[Items listed in a dataset]
- - - -

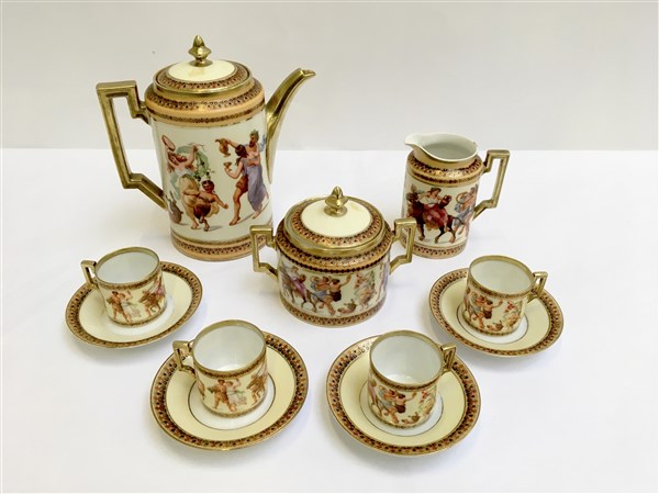 Manifattura di Thomas. Servizio da caffè in porcellana decorata in policromia e dorature a baccanali. Composto da caffettiera, zuccheriera, lattiera e quattro tazze con piattino (difetti)
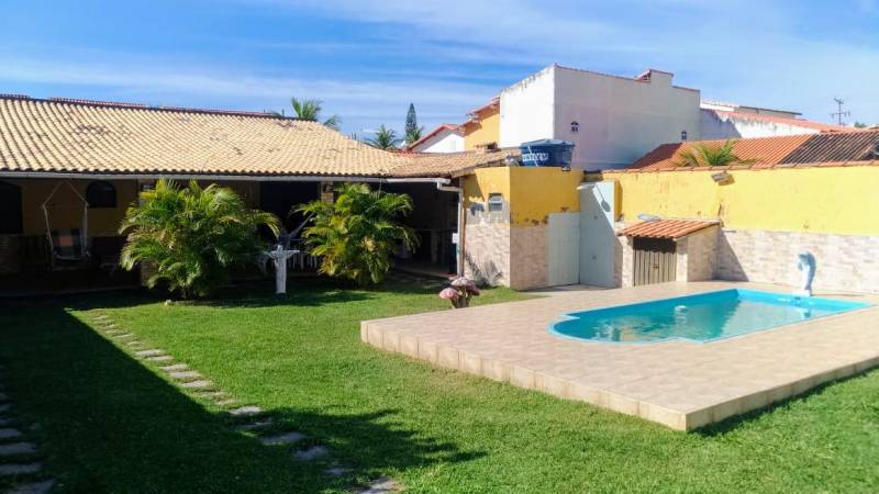 Linda casa em Guaratiba-Maricá, a uma quadra da praia. Terreno de 480m² com 110m² de área construída. Casa composta de um quarto, sala, cozinha com armários embutidos, dispensa, dois banheiros, varandão, churrasqueira, forno a lenha, piscina, quadra de areia, sistema de coleta de água da...
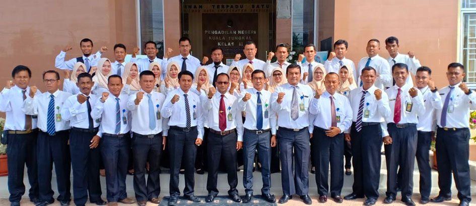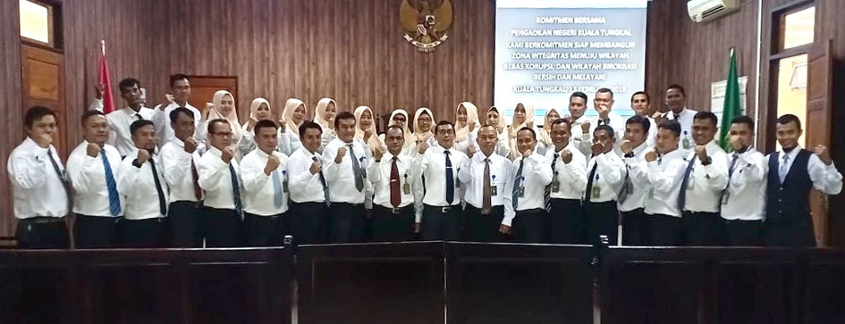 Setelah sebelumnya PN Kuala Tungkal mengadakan acara pembinaan dan sosialisasi Zona Integritas menuju WBK/WBBM, maka pimpinan beserta seluruh hakim/pegawai/honorer pada hari ini mendeklarasikan komitmennya untuk siap sedia membangun Zona Integritas menuju Wilayah Bebas Korupsi dan Wilayah Birokrasi Bersih dan Melayani di wilayah hukum Pengadilan Negeri Kuala Tungkal.
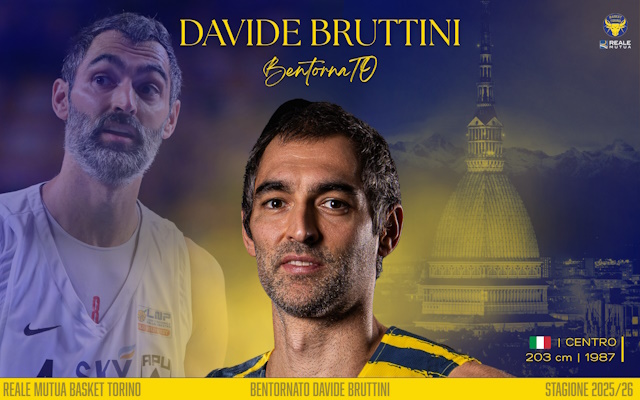 Torino, lunedì 23 giugno 2025 – Reale Mutua Basket Torino è lieta di annunciare l’ingaggio di Davide Bruttini, centro classe 1987, che vestirà la maglia gialloblù nella stagione 2025/2026.
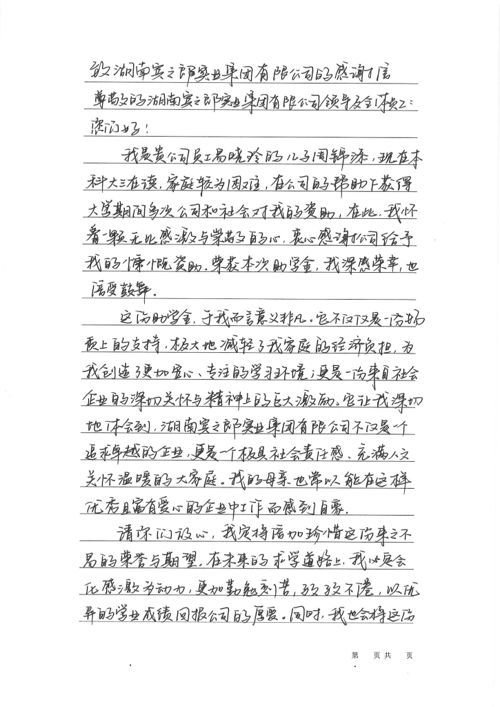 雖然往屆學(xué)子的感謝信未能在現(xiàn)場集中展示,但感恩之情卻在現(xiàn)場溫暖流淌。現(xiàn)就讀大三的周錦添同學(xué)在信中寫道:"這份助學(xué)金不僅僅是一份物質(zhì)支持,更是一份深切關(guān)懷與精神激勵。賓之郎不僅是一個追求卓越的企業(yè),更是一個充滿人文關(guān)懷溫暖的大家庭。"這些真摯的感言,成為助學(xué)活動最珍貴的回響。
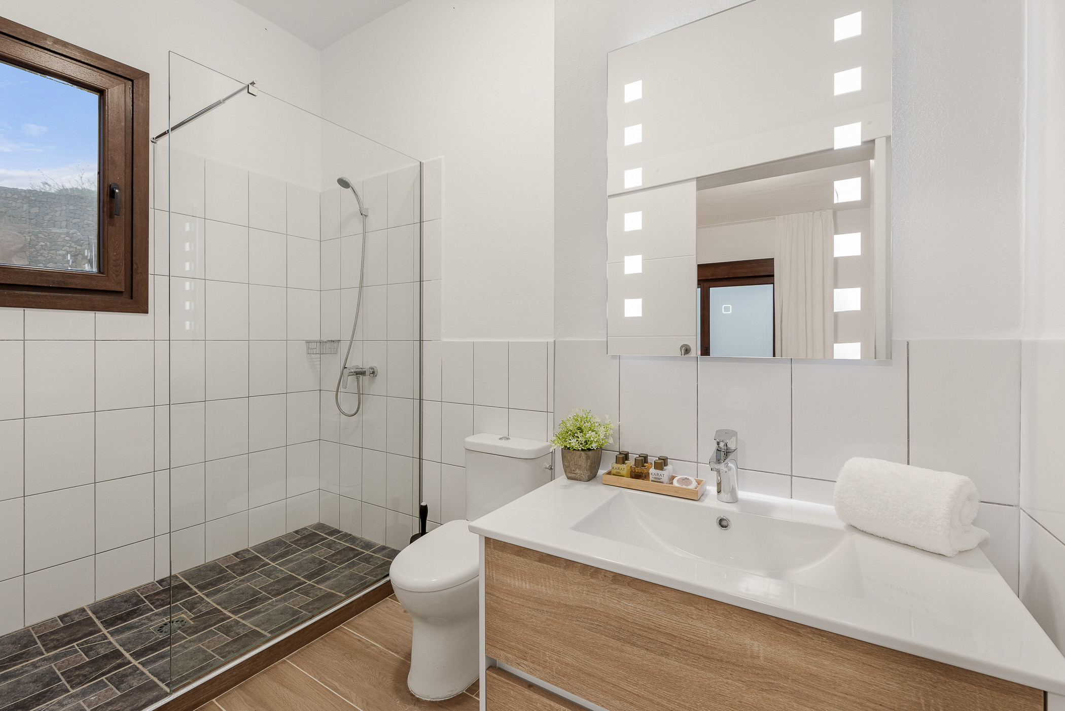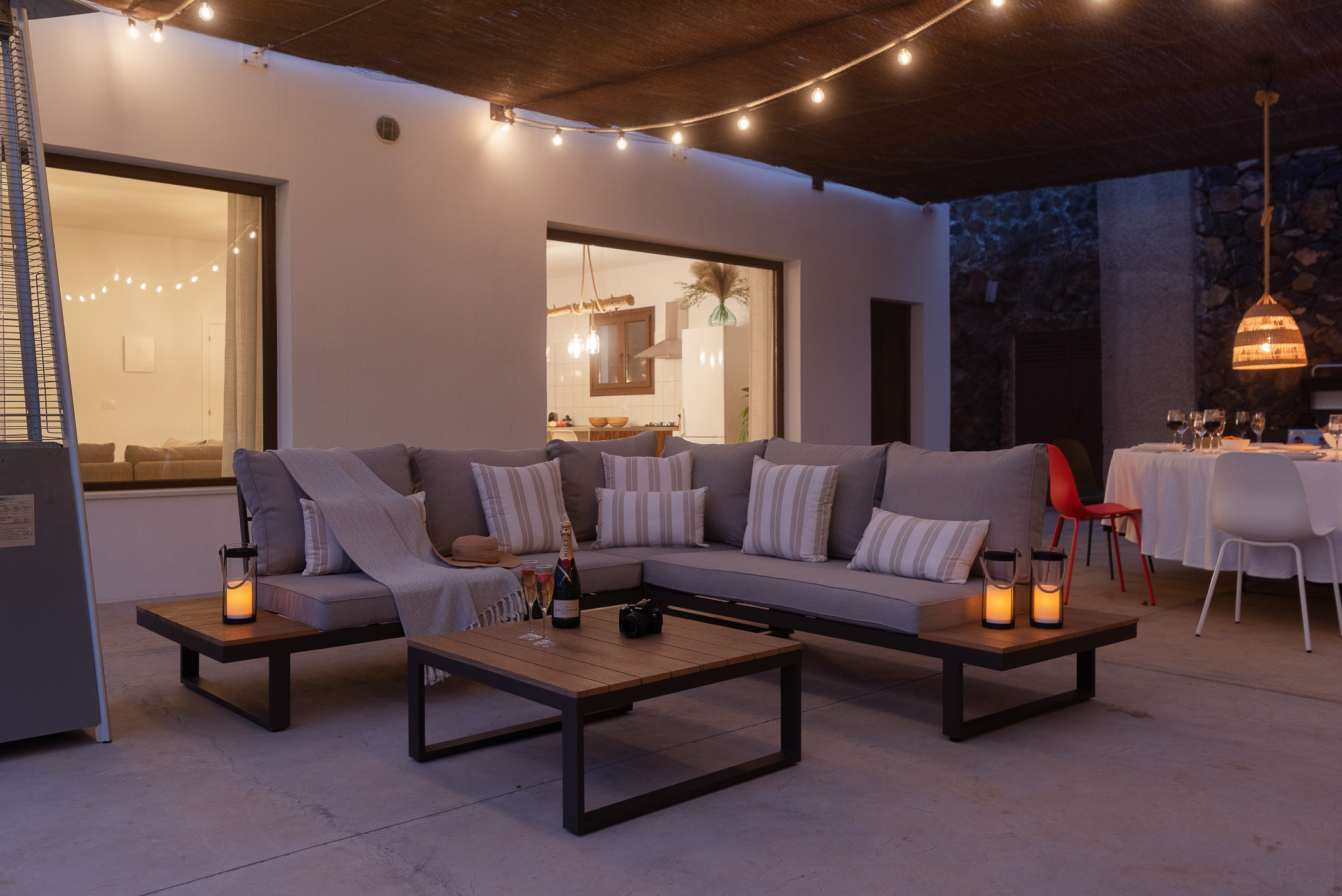 Cuenta con cuatro habitaciones dobles en suite, además de espacios exteriores pensados para el entretenimiento: piscina climatizada, zona chill out, barbacoa, ping-pong, cancha de petanca y fútbol. Aquí, cada día comienza con un café al aire libre y termina contemplando las estrellas.
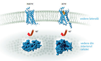 β-receptorul adrenergic îşi modifică forma atunci când este activat. Pe măsură ce hormonul (reprezentat cu portocaliu) se ataşează la exterior, interiorul se deschide ca un buchet de flori. În imaginile din partea de jos, receptorul este activat, astfel încât partea dinspre interior este vizibilă. Atomii sunt reprezentaţi sub formă de bile. Porţiunile solubile în apă sunt redate cu albastru deschis. Părţile lipidice (hidrofobe) sunt reprezentate cu albastru închis. Atunci când se leagă hormonul (imaginea din dreapta), se deschide un canal hidrofob unde se ataşează o subunitate α a proteinei G.
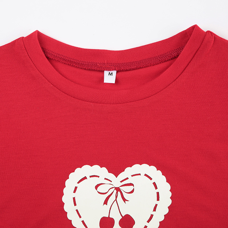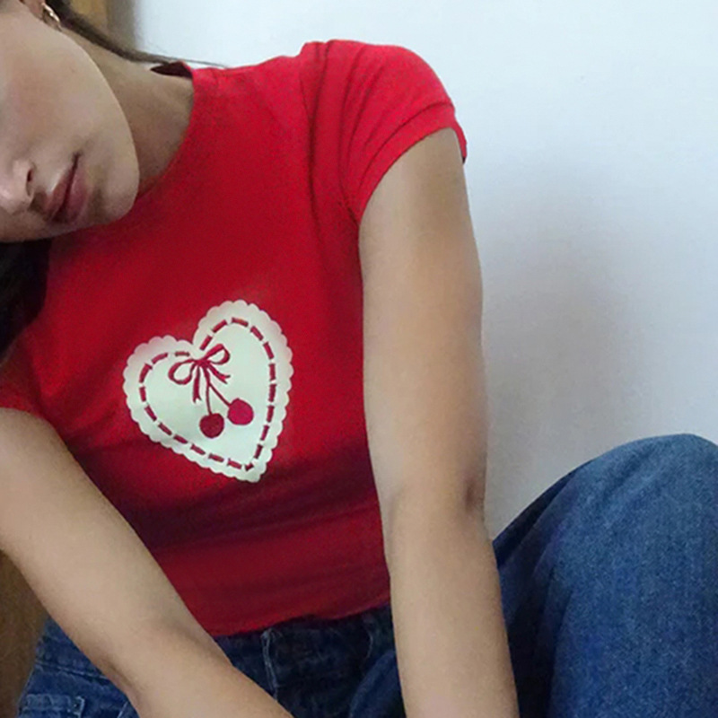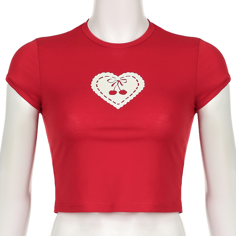 Calling all cherry lovers! This adorable Cherry Heart Red Top features a playful cherry graphic designed in a heart shape. The classic crewneck and short sleeves make it perfect for summer. Crafted in a vibrant red hue, this top is sure to add a touch of sweetness to your wardrobe.
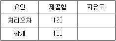 반응 온도에 대한 처리 인자 수를 4개의 수준으로 하고, 각 온도에서 3회씩 반복실험하여 전체 12회의 랜덤 실험을 하였다. 다음 미완성된 일원배치 분산분석표를 이용하여 오차의 자유도와, 처리인자의 평균제곱합을 구하면?
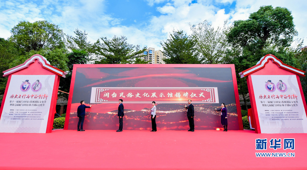 10日、開幕式で閩台民俗文化展示館の除幕式を行う主催者。(アモイ=新華社記者/劉黙涵)
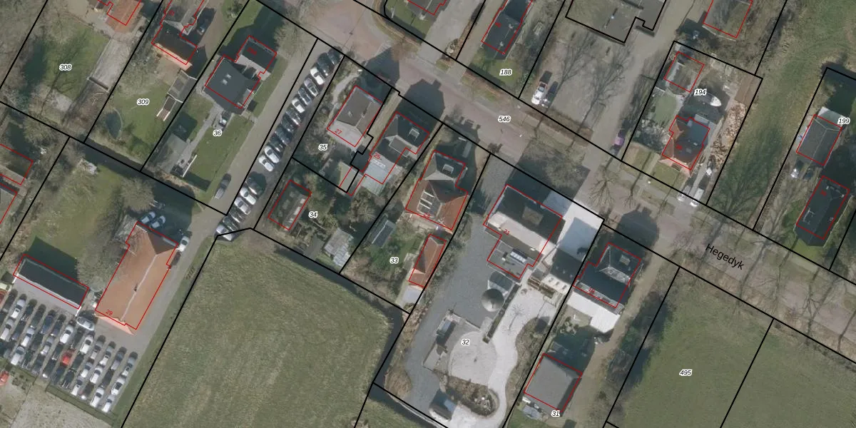 Hegedyk 23 is gelegen op kadastraal perceel LGZ00H33. Deze kadastrale aanduiding is uniek en wordt gebruikt door het Kadaster om eigendomsrechten en andere zakelijke rechten vast te leggen. Het perceel maakt onderdeel uit van de kadastrale gemeente Langezwaag.
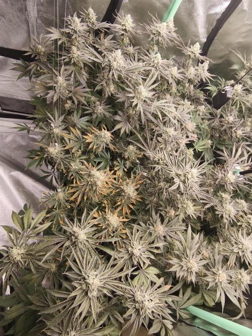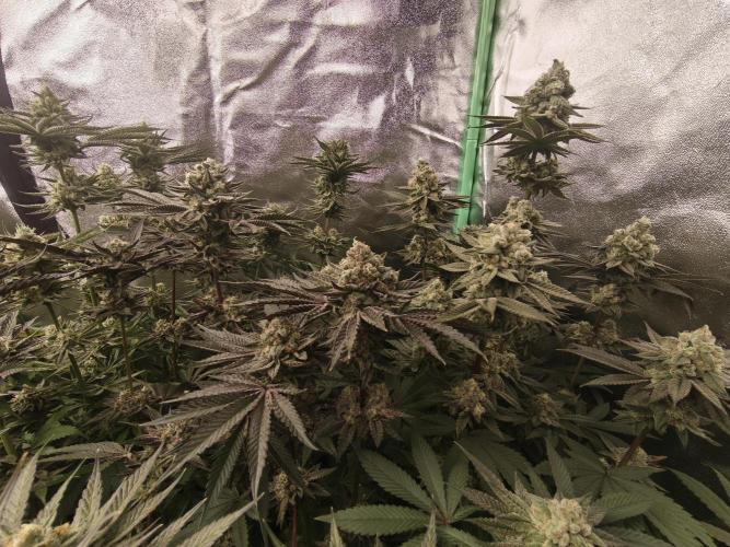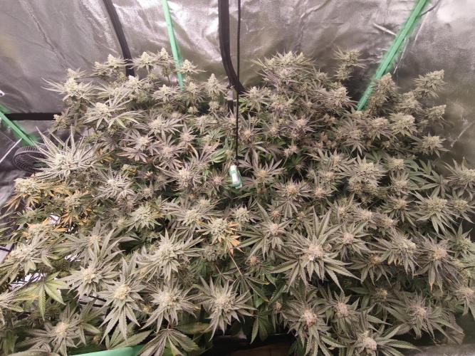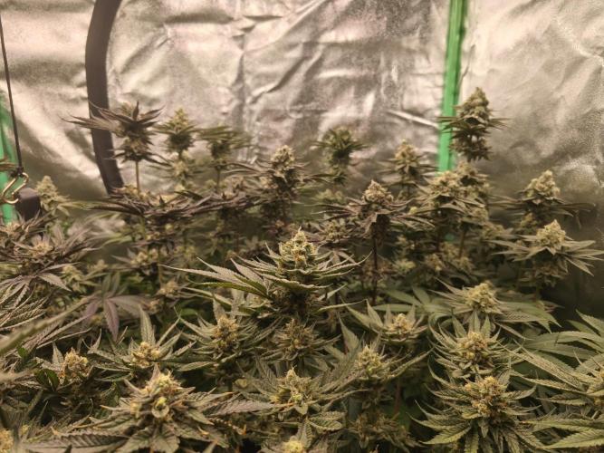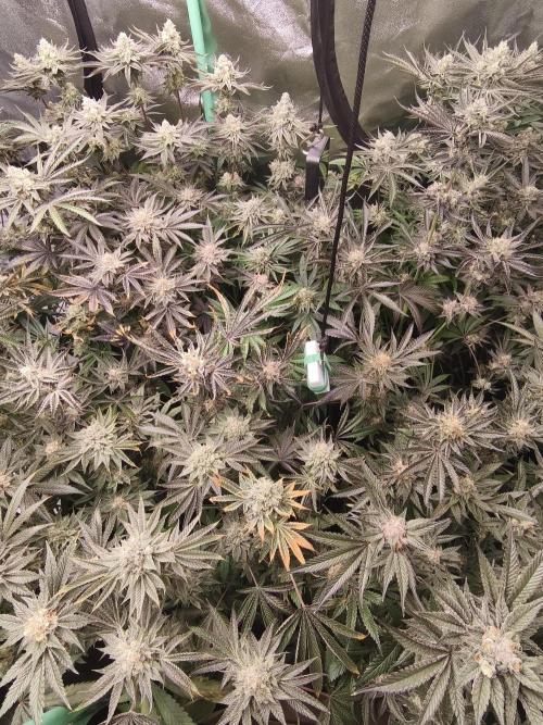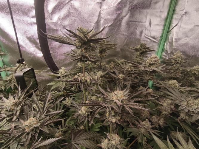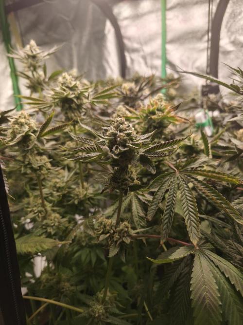 Jessi576 👉 Week 6 Bloom 👈 👉 Week 11 Overall 👈 👉 13.10.2025 - 19.10.2025 👈 👉 Days overall : 64-70👈 👉 Days bloom : 36-42 👈 👉 Update 15.10.2025: # Buds are currently developing perfectly # Plants got their last adjustments in light intensity and nutrient amounts this week # Temperatures will be lowered around 2 degrees in daylight starting in the next week until harvest. 👉 Update 19.10.2025: #last day of Bloom week 6 #heavy defoliation day 42 Bloom #uploaded pictures after defoliation

- - - -

■ **TASK GOAL**
Although the records contain pictures, the copy should hold only their text, reproduced exactly.

■ **RESULT OF THE EXERCISE**
 Manifattura di Thomas. Servizio da caffè in porcellana decorata in policromia e dorature a baccanali. Composto da caffettiera, zuccheriera, lattiera e quattro tazze con piattino (difetti)
 Linda casa em Guaratiba-Maricá, a uma quadra da praia. Terreno de 480m² com 110m² de área construída. Casa composta de um quarto, sala, cozinha com armários embutidos, dispensa, dois banheiros, varandão, churrasqueira, forno a lenha, piscina, quadra de areia, sistema de coleta de água da...
 Setelah sebelumnya PN Kuala Tungkal mengadakan acara pembinaan dan sosialisasi Zona Integritas menuju WBK/WBBM, maka pimpinan beserta seluruh hakim/pegawai/honorer pada hari ini mendeklarasikan komitmennya untuk siap sedia membangun Zona Integritas menuju Wilayah Bebas Korupsi dan Wilayah Birokrasi Bersih dan Melayani di wilayah hukum Pengadilan Negeri Kuala Tungkal.
 Torino, lunedì 23 giugno 2025 – Reale Mutua Basket Torino è lieta di annunciare l’ingaggio di Davide Bruttini, centro classe 1987, che vestirà la maglia gialloblù nella stagione 2025/2026.
 雖然往屆學(xué)子的感謝信未能在現(xiàn)場集中展示,但感恩之情卻在現(xiàn)場溫暖流淌。現(xiàn)就讀大三的周錦添同學(xué)在信中寫道:"這份助學(xué)金不僅僅是一份物質(zhì)支持,更是一份深切關(guān)懷與精神激勵。賓之郎不僅是一個追求卓越的企業(yè),更是一個充滿人文關(guān)懷溫暖的大家庭。"這些真摯的感言,成為助學(xué)活動最珍貴的回響。
 Cuenta con cuatro habitaciones dobles en suite, además de espacios exteriores pensados para el entretenimiento: piscina climatizada, zona chill out, barbacoa, ping-pong, cancha de petanca y fútbol. Aquí, cada día comienza con un café al aire libre y termina contemplando las estrellas.
 β-receptorul adrenergic îşi modifică forma atunci când este activat. Pe măsură ce hormonul (reprezentat cu portocaliu) se ataşează la exterior, interiorul se deschide ca un buchet de flori. În imaginile din partea de jos, receptorul este activat, astfel încât partea dinspre interior este vizibilă. Atomii sunt reprezentaţi sub formă de bile. Porţiunile solubile în apă sunt redate cu albastru deschis. Părţile lipidice (hidrofobe) sunt reprezentate cu albastru închis. Atunci când se leagă hormonul (imaginea din dreapta), se deschide un canal hidrofob unde se ataşează o subunitate α a proteinei G.
 Calling all cherry lovers! This adorable Cherry Heart Red Top features a playful cherry graphic designed in a heart shape. The classic crewneck and short sleeves make it perfect for summer. Crafted in a vibrant red hue, this top is sure to add a touch of sweetness to your wardrobe.
 반응 온도에 대한 처리 인자 수를 4개의 수준으로 하고, 각 온도에서 3회씩 반복실험하여 전체 12회의 랜덤 실험을 하였다. 다음 미완성된 일원배치 분산분석표를 이용하여 오차의 자유도와, 처리인자의 평균제곱합을 구하면?
 10日、開幕式で閩台民俗文化展示館の除幕式を行う主催者。(アモイ=新華社記者/劉黙涵)
 Hegedyk 23 is gelegen op kadastraal perceel LGZ00H33. Deze kadastrale aanduiding is uniek en wordt gebruikt door het Kadaster om eigendomsrechten en andere zakelijke rechten vast te leggen. Het perceel maakt onderdeel uit van de kadastrale gemeente Langezwaag.
 Jessi576 👉 Week 6 Bloom 👈 👉 Week 11 Overall 👈 👉 13.10.2025 - 19.10.2025 👈 👉 Days overall : 64-70👈 👉 Days bloom : 36-42 👈 👉 Update 15.10.2025: # Buds are currently developing perfectly # Plants got their last adjustments in light intensity and nutrient amounts this week # Temperatures will be lowered around 2 degrees in daylight starting in the next week until harvest. 👉 Update 19.10.2025: #last day of Bloom week 6 #heavy defoliation day 42 Bloom #uploaded pictures after defoliation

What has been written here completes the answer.